Целуясь, Алексей и Котенок медленно продвигались вдоль кабинок.
Когда они добрались до своей излюбленной, третьей справа, Алексей нащупал ручку, открыл дверь, и, продолжая целоваться, они проникли внутрь.
Услышав, как за любовниками захлопнулась дверь, Незнакомец насторожился. Кажется, настал подходящий момент поменять дислокацию. Он прислушался и, не услышав ничего, кроме приглушенного воркования влюбленной парочки, приоткрыл дверь и посмотрел в образовавшуюся щель, чтобы удостовериться, что в туалете больше никого нет.

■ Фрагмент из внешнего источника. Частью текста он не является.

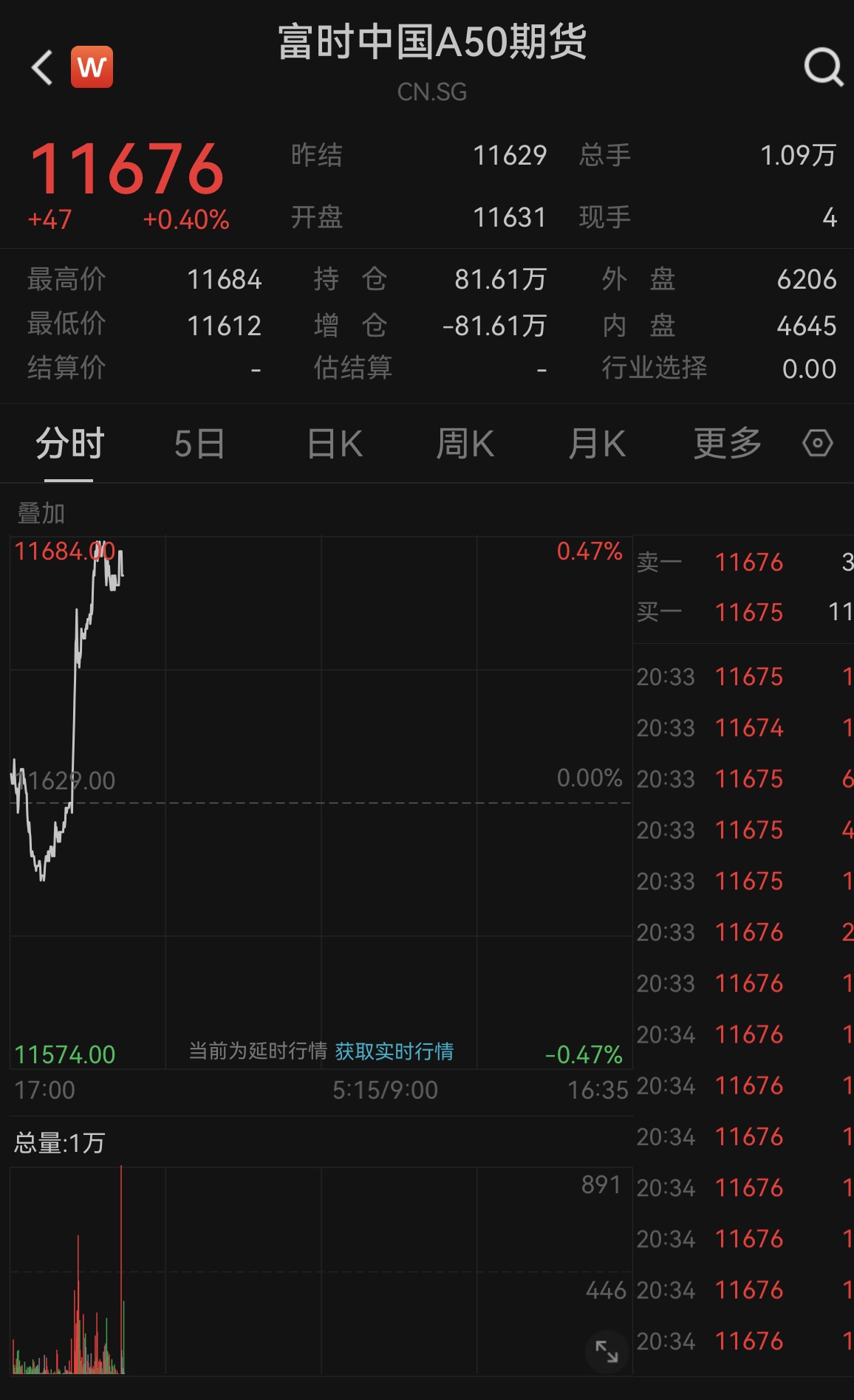 公告發(fā)布后,富時中國A50指數(shù)期貨短線急速拉升,截至記者發(fā)稿,富時中國A50指數(shù)期貨上漲0.40%。

Но тут входная дверь вновь открылась, и в туалет осторожно заглянул Олег. Незнакомцу вновь пришлось закрыться, благо замки были совсем новые и, хотя и китайские, работали они пока абсолютно бесшумно.
Следующие полчаса были самыми утомительными. Выйти он уже никак не мог, к тому же ему необходимо было дождаться, покуда эти два урода найдут диск. А там уж он станет действовать по обстоятельствам.
Вконец размусолив фильтр, Незнакомец со злостью швырнул сигарету на пол. Покурить ему так и не удалось, а теперь еще захотелось в туалет, хотя с этим как раз было проще: снаружи так шумели, что вряд ли могли его услышать.
– А если здесь есть еще кто-нибудь? – спросила вдруг Котенок.
– Кто-нибудь это кто? – злобно переспросил Олег.
Незнакомец, который уже расстегнул ширинку, вздрогнул и замер.
– Откуда я знаю кто. Вообще кто-нибудь еще…
– Какого хрена здесь кому-то быть? У кого есть нормальные идеи?
До Незнакомца дошел ход мысли Котенка, он напрягся и быстро застегнул молнию на брюках.
– С такого. Пока вы не взломали дверь в эту кабинку с обширявшимся нарком, мы понятия не имели, что здесь кто-то есть еще. То же самое с девушкой. Я предлагаю открыть все кабинки и убедиться в том, что больше здесь никого нет.
– А в этом есть определенный смысл, – услышал Незнакомец голос Штриха.
Развернувшись к двери, Незнакомец направил на нее пистолет.
– У вас начинается паранойя. Ладно, хорошо, давайте проверим все кабинки! – Олег не мог себе даже представить, что произнес последнюю фразу в своей жизни.
Когда говорят пистолеты
Незнакомец нежно провел дулом глушителя по покрытому холодной испариной лицу Штриха от одной щеки до другой:
– Я очень хорошо обыскал эту девочку. Так, еще есть идеи?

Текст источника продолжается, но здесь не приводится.